Styling

Radix Primitives are unstyled - and compatible with any styling solution - giving you complete control over styling.

Styling Overview

Functional Styles

You are in control of all aspects of styling, including functional styles. For example - by default - a Dialog Overlay won't cover the entire viewport. You're responsible for adding those styles, plus any presentation styles.

Classes

All components and their parts accept a class prop. This class will be passed through to the DOM element. You can use it in CSS as expected.

Data Attributes

When components are stateful, their state will be exposed in a data-state attribute.
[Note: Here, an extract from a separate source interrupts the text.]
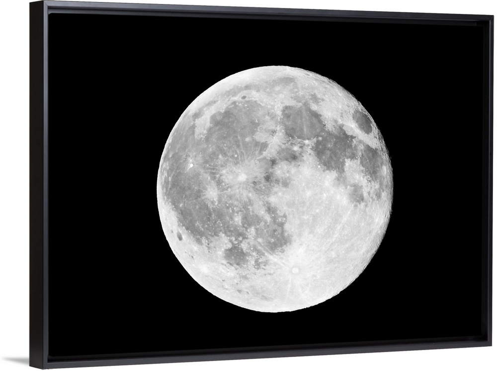 <p>This horizontal wall art shows a photograph of the moon against a dark, starless night sky.</p>

For example, when an Accordion Item is opened, it includes a data-state="open" attribute.

Styling with CSS

Styling a Part

You can style a component part by targeting the class that you provide.

use leptos::*;
use radix_leptos_accordion::*;

#[component]
fn AccordionDemo() -> impl IntoView {
    view! {
        <Accordion>
            <AccordionItem class="AccordionItem" value="item-1" />
            /* ... */
        </Accordion>
    }
}

Styling a State

You can style a component state by targeting its data-state attribute.

.AccordionItem {
    border-bottom: 1px solid gainsboro;
}

.AccordionItem[data-state='open'] {
    border-bottom-width: 2px;
}

Styling with CSS-in-Rust

TODO

Extending a Primitive

Extending a primitive is done the same way you extend any component.

// TODO

Summary

Radix Primitives were designed to encapsulate accessibility concerns and other complex functionalities, while ensuring you retain complete control over styling.

For convenience, stateful components include a data-state attribute.